REQUIRED ACTION: Repeat all of the data below word for word, keeping no images.

[Data excerpts]
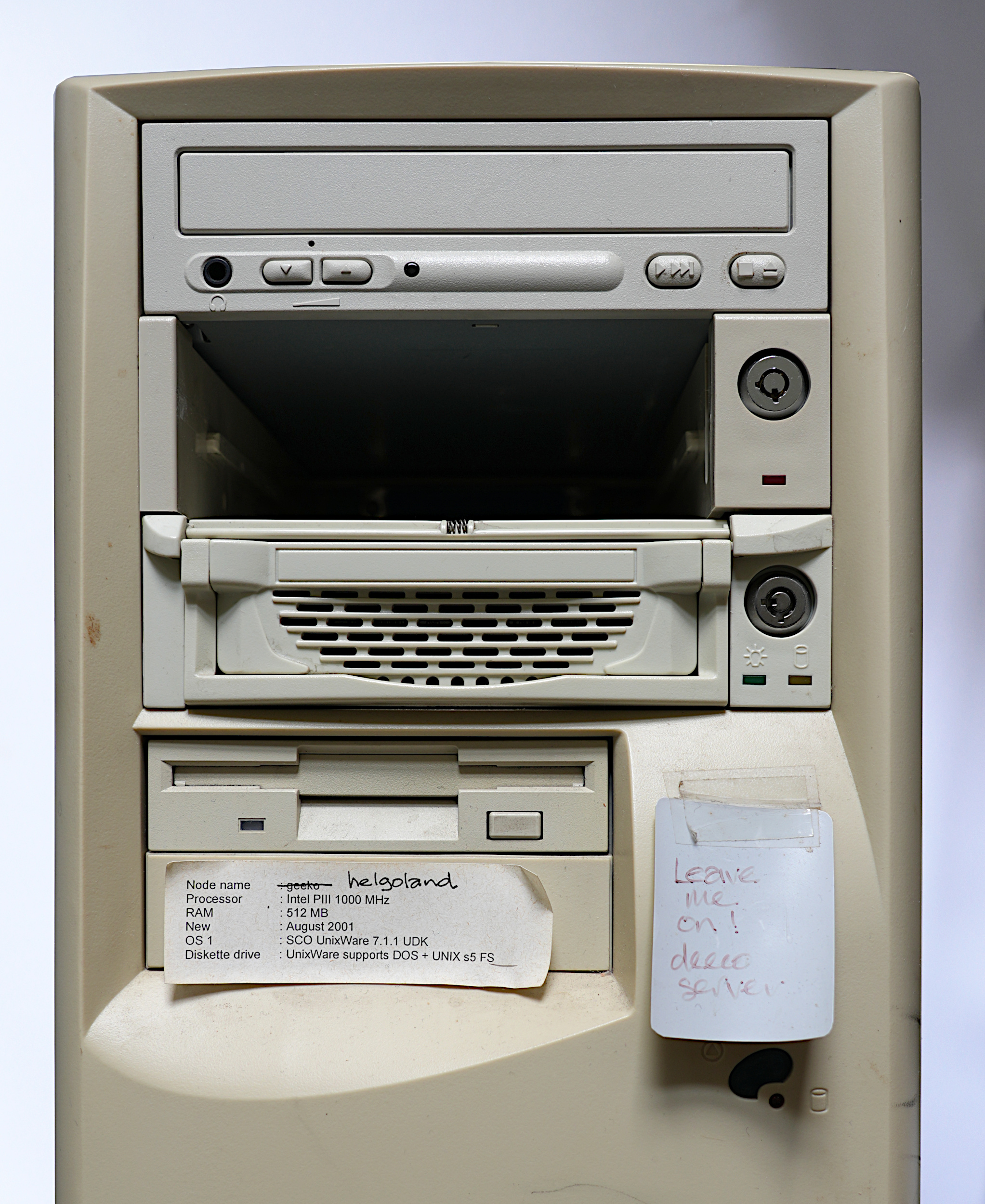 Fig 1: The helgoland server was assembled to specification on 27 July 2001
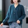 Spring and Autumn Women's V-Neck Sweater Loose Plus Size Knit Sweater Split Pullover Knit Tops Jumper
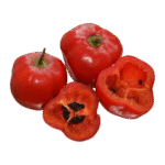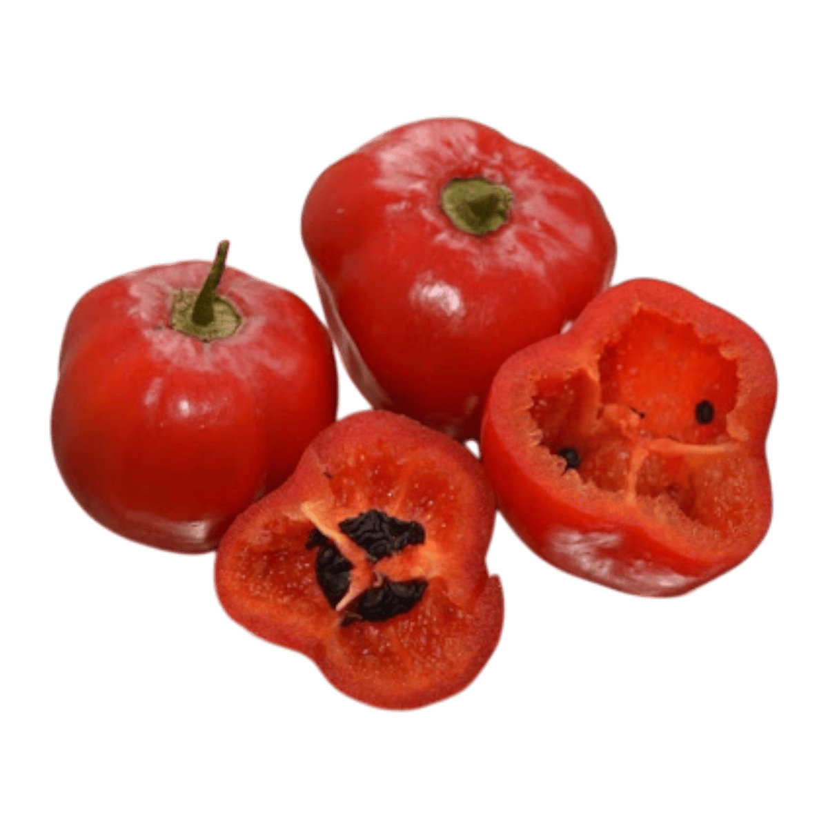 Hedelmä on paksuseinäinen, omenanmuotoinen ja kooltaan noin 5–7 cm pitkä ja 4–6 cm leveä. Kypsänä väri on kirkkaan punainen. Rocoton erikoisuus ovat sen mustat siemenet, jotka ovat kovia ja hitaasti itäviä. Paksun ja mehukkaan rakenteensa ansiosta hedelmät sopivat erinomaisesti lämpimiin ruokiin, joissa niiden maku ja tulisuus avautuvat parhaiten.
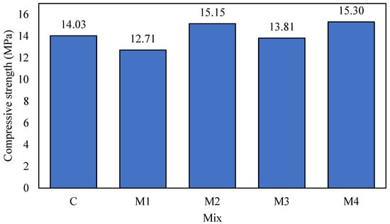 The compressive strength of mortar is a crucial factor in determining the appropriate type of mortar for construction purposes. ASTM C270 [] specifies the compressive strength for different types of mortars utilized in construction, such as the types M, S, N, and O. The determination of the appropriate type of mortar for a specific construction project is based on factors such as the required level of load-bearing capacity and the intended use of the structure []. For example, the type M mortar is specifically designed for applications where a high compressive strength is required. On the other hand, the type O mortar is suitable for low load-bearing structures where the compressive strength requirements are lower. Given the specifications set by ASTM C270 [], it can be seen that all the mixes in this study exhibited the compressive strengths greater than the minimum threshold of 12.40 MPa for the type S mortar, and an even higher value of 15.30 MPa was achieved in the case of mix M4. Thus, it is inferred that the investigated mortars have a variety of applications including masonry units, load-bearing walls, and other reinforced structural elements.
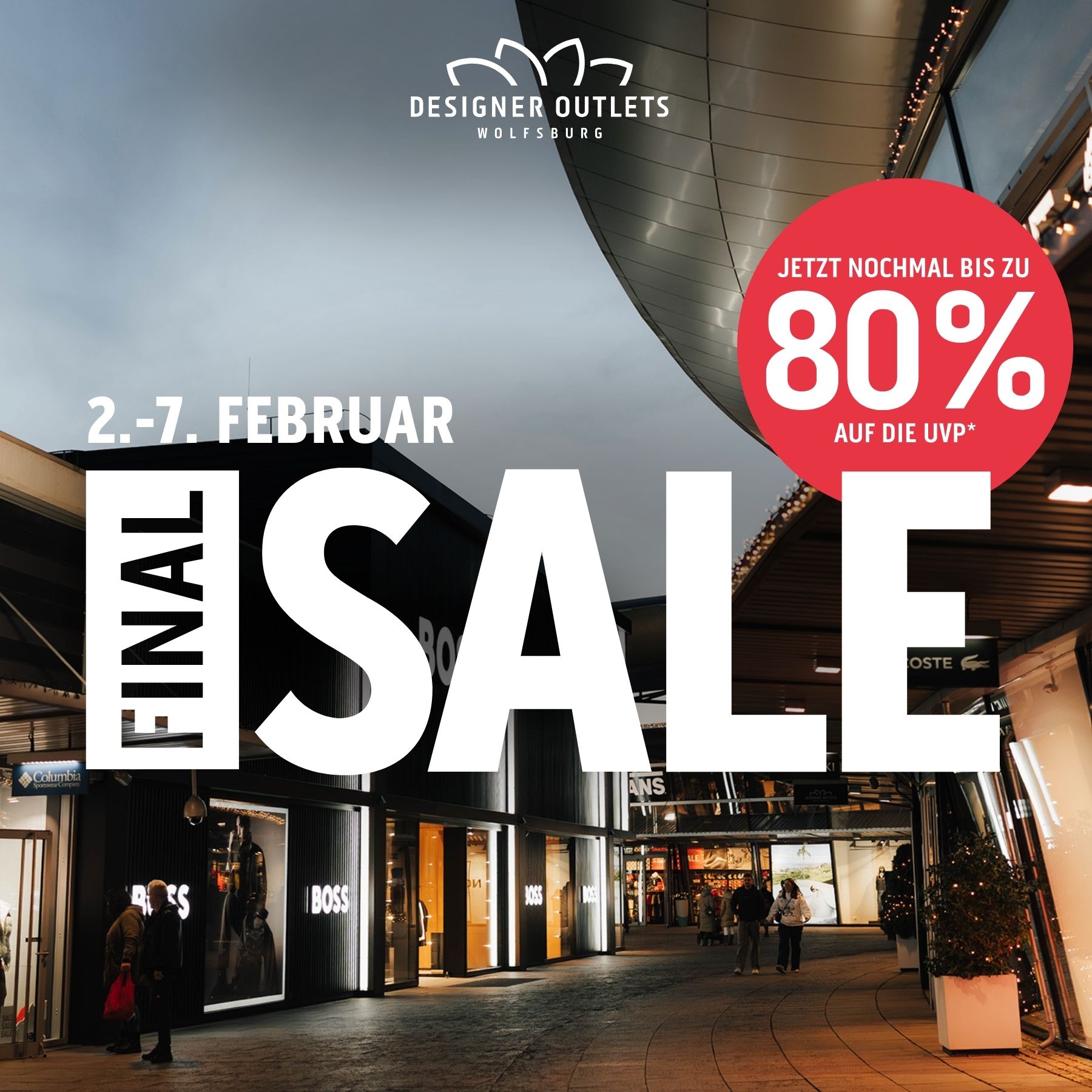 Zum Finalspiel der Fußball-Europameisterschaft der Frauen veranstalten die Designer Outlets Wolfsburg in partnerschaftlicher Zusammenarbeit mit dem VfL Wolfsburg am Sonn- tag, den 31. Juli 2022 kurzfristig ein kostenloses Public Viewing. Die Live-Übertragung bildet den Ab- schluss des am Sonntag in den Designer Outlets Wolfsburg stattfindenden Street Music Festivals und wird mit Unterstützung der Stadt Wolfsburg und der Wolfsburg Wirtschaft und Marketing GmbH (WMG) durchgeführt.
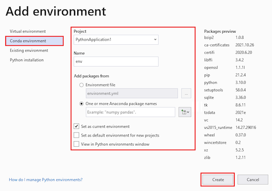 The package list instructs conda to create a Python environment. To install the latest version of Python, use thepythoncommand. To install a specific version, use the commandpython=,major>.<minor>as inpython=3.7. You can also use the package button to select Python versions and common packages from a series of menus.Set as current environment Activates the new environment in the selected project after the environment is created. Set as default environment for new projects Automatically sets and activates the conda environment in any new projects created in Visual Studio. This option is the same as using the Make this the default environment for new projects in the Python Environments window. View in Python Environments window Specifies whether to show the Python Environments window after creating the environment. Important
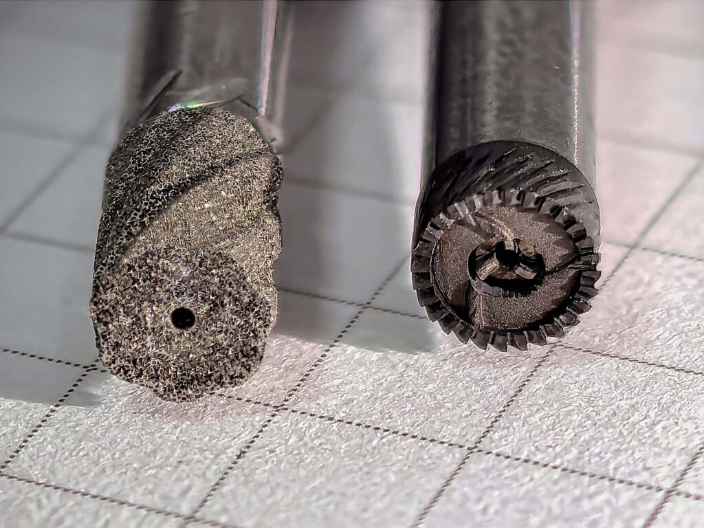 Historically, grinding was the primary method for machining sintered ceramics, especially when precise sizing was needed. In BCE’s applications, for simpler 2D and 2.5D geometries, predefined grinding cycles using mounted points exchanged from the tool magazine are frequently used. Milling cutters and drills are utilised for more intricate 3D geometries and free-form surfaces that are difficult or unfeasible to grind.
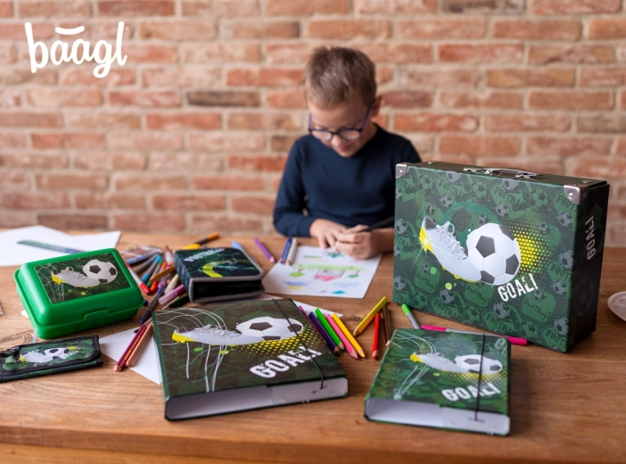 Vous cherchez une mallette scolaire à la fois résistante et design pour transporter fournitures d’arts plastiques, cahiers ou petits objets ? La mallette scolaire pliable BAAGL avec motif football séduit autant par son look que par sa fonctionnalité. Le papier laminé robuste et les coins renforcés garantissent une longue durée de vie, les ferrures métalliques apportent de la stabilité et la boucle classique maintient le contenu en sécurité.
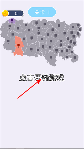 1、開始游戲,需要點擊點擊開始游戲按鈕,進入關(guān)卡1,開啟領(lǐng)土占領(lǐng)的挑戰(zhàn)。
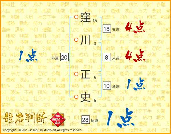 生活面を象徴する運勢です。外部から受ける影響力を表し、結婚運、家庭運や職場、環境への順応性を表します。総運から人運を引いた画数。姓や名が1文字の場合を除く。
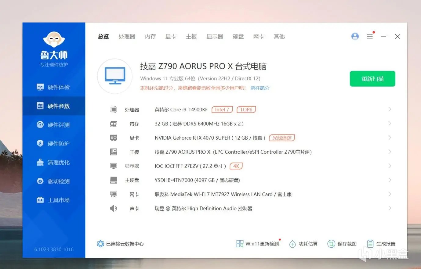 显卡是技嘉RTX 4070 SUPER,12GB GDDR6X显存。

EXERCISE ANSWER:
 Fig 1: The helgoland server was assembled to specification on 27 July 2001
 Spring and Autumn Women's V-Neck Sweater Loose Plus Size Knit Sweater Split Pullover Knit Tops Jumper
 Hedelmä on paksuseinäinen, omenanmuotoinen ja kooltaan noin 5–7 cm pitkä ja 4–6 cm leveä. Kypsänä väri on kirkkaan punainen. Rocoton erikoisuus ovat sen mustat siemenet, jotka ovat kovia ja hitaasti itäviä. Paksun ja mehukkaan rakenteensa ansiosta hedelmät sopivat erinomaisesti lämpimiin ruokiin, joissa niiden maku ja tulisuus avautuvat parhaiten.
 The compressive strength of mortar is a crucial factor in determining the appropriate type of mortar for construction purposes. ASTM C270 [] specifies the compressive strength for different types of mortars utilized in construction, such as the types M, S, N, and O. The determination of the appropriate type of mortar for a specific construction project is based on factors such as the required level of load-bearing capacity and the intended use of the structure []. For example, the type M mortar is specifically designed for applications where a high compressive strength is required. On the other hand, the type O mortar is suitable for low load-bearing structures where the compressive strength requirements are lower. Given the specifications set by ASTM C270 [], it can be seen that all the mixes in this study exhibited the compressive strengths greater than the minimum threshold of 12.40 MPa for the type S mortar, and an even higher value of 15.30 MPa was achieved in the case of mix M4. Thus, it is inferred that the investigated mortars have a variety of applications including masonry units, load-bearing walls, and other reinforced structural elements.
 Zum Finalspiel der Fußball-Europameisterschaft der Frauen veranstalten die Designer Outlets Wolfsburg in partnerschaftlicher Zusammenarbeit mit dem VfL Wolfsburg am Sonn- tag, den 31. Juli 2022 kurzfristig ein kostenloses Public Viewing. Die Live-Übertragung bildet den Ab- schluss des am Sonntag in den Designer Outlets Wolfsburg stattfindenden Street Music Festivals und wird mit Unterstützung der Stadt Wolfsburg und der Wolfsburg Wirtschaft und Marketing GmbH (WMG) durchgeführt.
 The package list instructs conda to create a Python environment. To install the latest version of Python, use thepythoncommand. To install a specific version, use the commandpython=,major>.<minor>as inpython=3.7. You can also use the package button to select Python versions and common packages from a series of menus.Set as current environment Activates the new environment in the selected project after the environment is created. Set as default environment for new projects Automatically sets and activates the conda environment in any new projects created in Visual Studio. This option is the same as using the Make this the default environment for new projects in the Python Environments window. View in Python Environments window Specifies whether to show the Python Environments window after creating the environment. Important
 Historically, grinding was the primary method for machining sintered ceramics, especially when precise sizing was needed. In BCE’s applications, for simpler 2D and 2.5D geometries, predefined grinding cycles using mounted points exchanged from the tool magazine are frequently used. Milling cutters and drills are utilised for more intricate 3D geometries and free-form surfaces that are difficult or unfeasible to grind.
 Vous cherchez une mallette scolaire à la fois résistante et design pour transporter fournitures d’arts plastiques, cahiers ou petits objets ? La mallette scolaire pliable BAAGL avec motif football séduit autant par son look que par sa fonctionnalité. Le papier laminé robuste et les coins renforcés garantissent une longue durée de vie, les ferrures métalliques apportent de la stabilité et la boucle classique maintient le contenu en sécurité.
 1、開始游戲,需要點擊點擊開始游戲按鈕,進入關(guān)卡1,開啟領(lǐng)土占領(lǐng)的挑戰(zhàn)。
 生活面を象徴する運勢です。外部から受ける影響力を表し、結婚運、家庭運や職場、環境への順応性を表します。総運から人運を引いた画数。姓や名が1文字の場合を除く。
 显卡是技嘉RTX 4070 SUPER,12GB GDDR6X显存。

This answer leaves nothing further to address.